The Nebraska Chapter of the National Association of Social Workers this month honored Khoudeida, 26, as “Citizen of the Year” for her work advocating on behalf of people on the other side of the world.

Her close friend and fellow social worker Christie Abdul is impressed with her dedication to the Yazidi cause.

“She is just very inspiring in how she is so passionate about what is happening there,” Abdul said.

Though she has lived in Lincoln since her early teenage years, Khoudeida was born and raised in a refugee camp in Syria after her family fled persecution by Iraqi dictator Saddam Hussein.

“Having lived in the same conditions … I feel deeply and emotionally connected to the Yazidi cause,” she said.

Khoudeida has had cellphone contact with some of the Yazidi girls taken by Islamic State to be used as sex slaves, and she said she remembers one in particular.

“She was with another 40 Yazidi women and children who were being held in one of the buildings, and she would tell me that the ISIS fighters came and took another girl,” Khoudeida said.

But appeals to the U.S. and other countries to rescue the captive Yazidis failed.

“One day I called and her sister answered the phone," Khoudeida said. "I thought it was the same person I had been talking to, and she said, 'No, I am her sister.
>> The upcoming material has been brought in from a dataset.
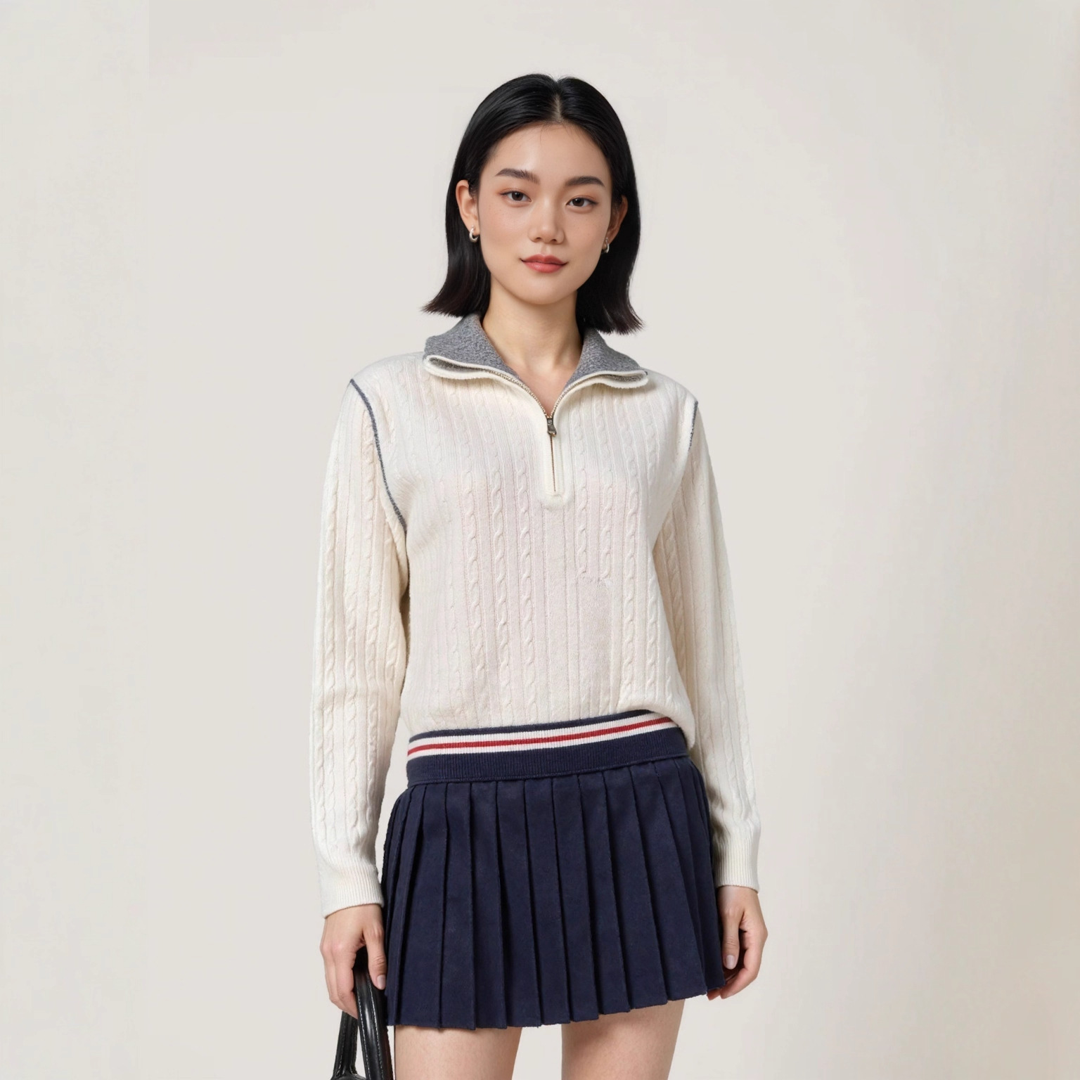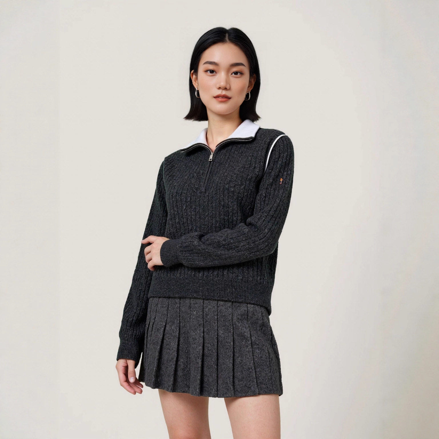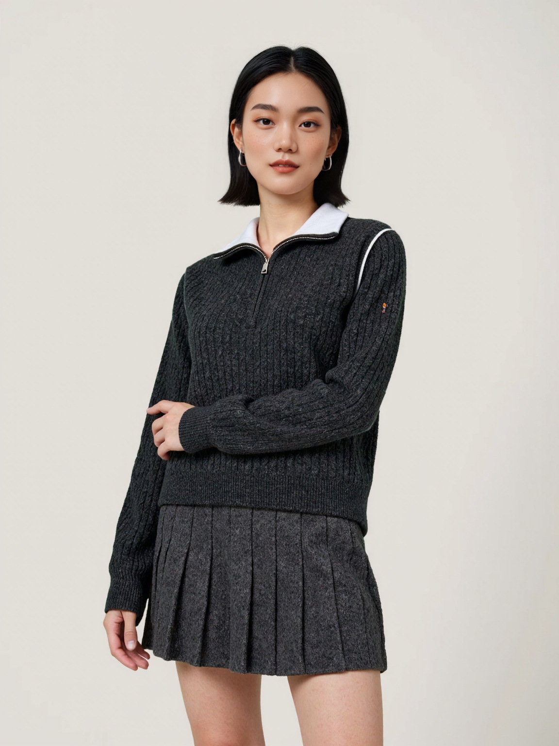 Be the first to review “Half-Zip Turn-Down Collar Wool Sweater Women Cable Knit Wool Sweater Lazy Style Knitted Top” Cancel reply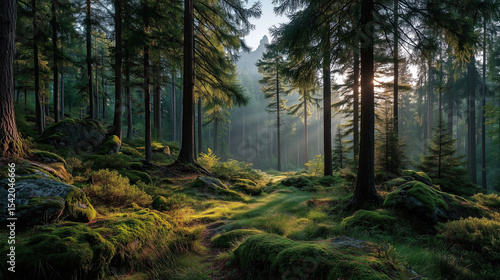 Fototapeta premium Enchanting sunrise walk through lush forest trails nature landscape

My sister was actually just sold off yesterday to an ISIS fighter.’ ”

Some women have managed to escape, but the punishment for those who are caught can be torture or worse.

“One woman who tried to escape, they caught her, brought her back and cut off her two legs,” Khoudeida said.

Through Yazda, a group Khoudeida and some other American Yazidis formed last year, she continues to seek help for the estimated 3,000 Yazidi women and girls who remain under the brutal control of Islamic State.